### SUPPLIED INFORMATION:
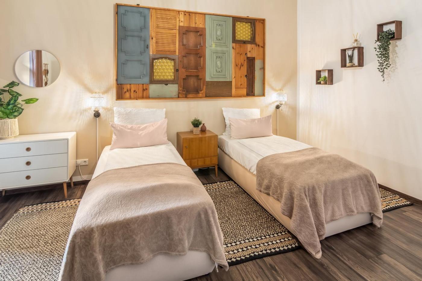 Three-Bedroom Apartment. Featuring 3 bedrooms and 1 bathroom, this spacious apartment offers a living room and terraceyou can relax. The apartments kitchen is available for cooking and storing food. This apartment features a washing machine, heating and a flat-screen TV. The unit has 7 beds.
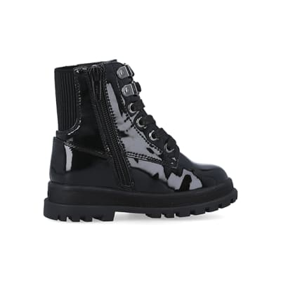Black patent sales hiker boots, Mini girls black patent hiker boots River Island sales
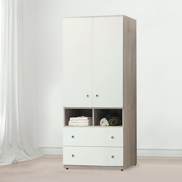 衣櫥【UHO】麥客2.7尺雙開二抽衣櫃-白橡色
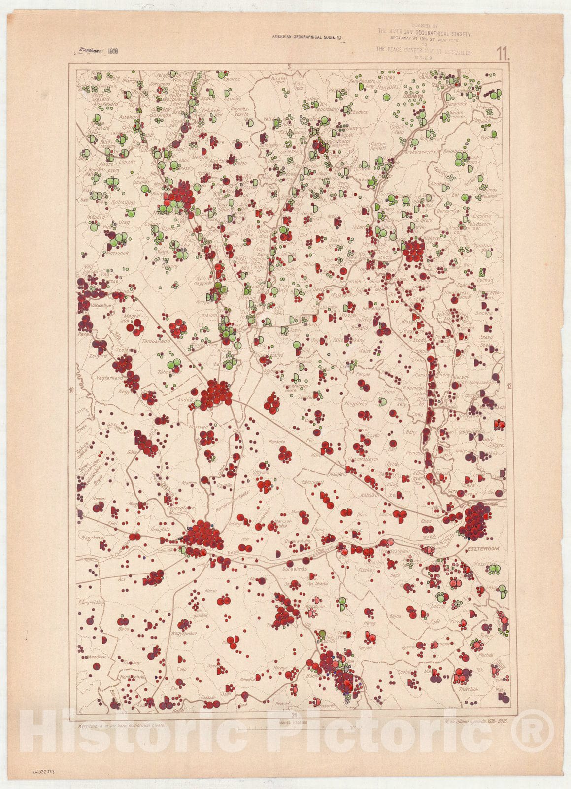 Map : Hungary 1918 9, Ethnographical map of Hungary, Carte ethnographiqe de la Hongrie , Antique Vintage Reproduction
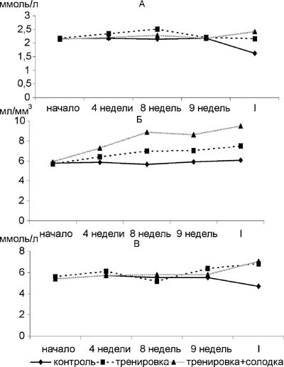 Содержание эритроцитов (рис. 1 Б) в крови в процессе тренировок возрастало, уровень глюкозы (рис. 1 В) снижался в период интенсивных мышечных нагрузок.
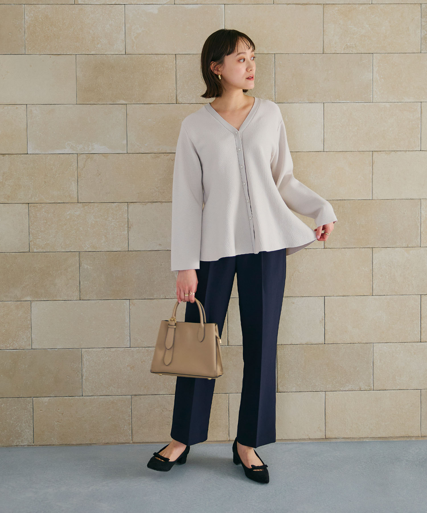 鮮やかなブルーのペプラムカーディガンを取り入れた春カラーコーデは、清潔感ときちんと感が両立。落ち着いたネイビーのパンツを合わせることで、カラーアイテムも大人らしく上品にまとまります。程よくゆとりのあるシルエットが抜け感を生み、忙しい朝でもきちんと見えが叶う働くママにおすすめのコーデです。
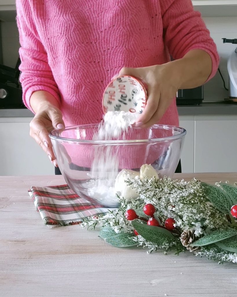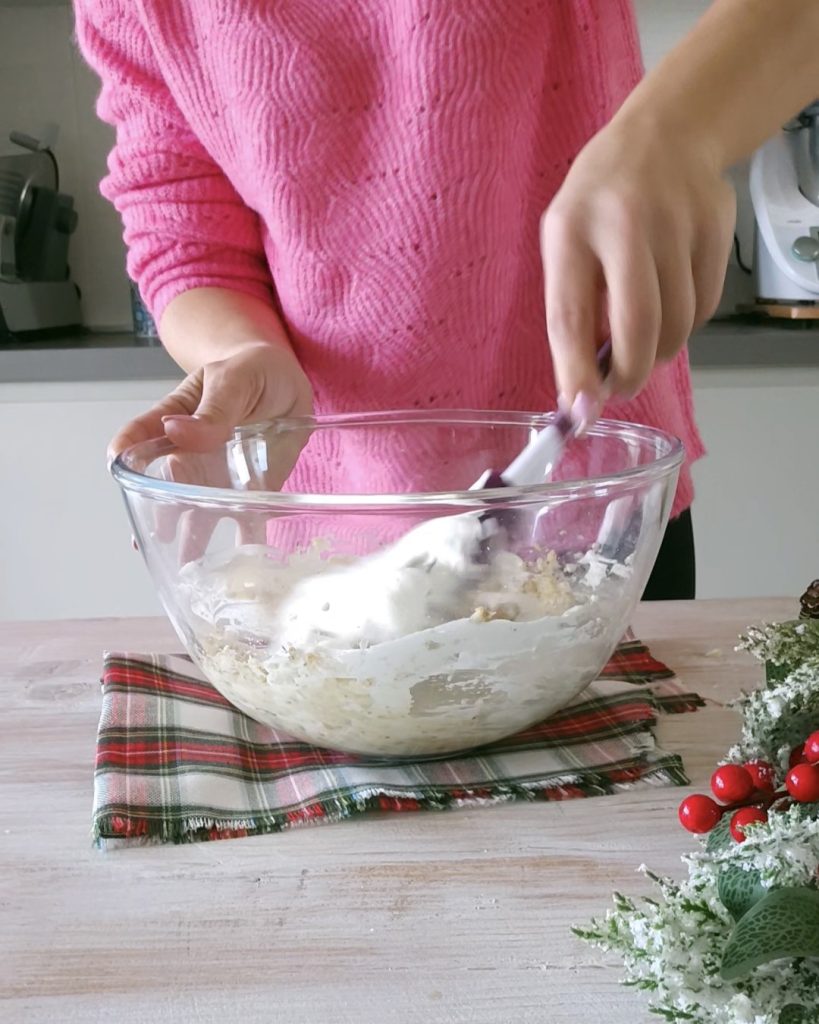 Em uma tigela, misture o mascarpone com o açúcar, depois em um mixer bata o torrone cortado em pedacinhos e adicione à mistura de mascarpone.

### TASK STATEMENT:
Go to the line with "Содержание эритроцитов (рис." in the entries above. Reproduce that line and each one after it to the end, exactly and without the pictures.

### ANSWER BELOW:
 Содержание эритроцитов (рис. 1 Б) в крови в процессе тренировок возрастало, уровень глюкозы (рис. 1 В) снижался в период интенсивных мышечных нагрузок.
 鮮やかなブルーのペプラムカーディガンを取り入れた春カラーコーデは、清潔感ときちんと感が両立。落ち着いたネイビーのパンツを合わせることで、カラーアイテムも大人らしく上品にまとまります。程よくゆとりのあるシルエットが抜け感を生み、忙しい朝でもきちんと見えが叶う働くママにおすすめのコーデです。
 Em uma tigela, misture o mascarpone com o açúcar, depois em um mixer bata o torrone cortado em pedacinhos e adicione à mistura de mascarpone.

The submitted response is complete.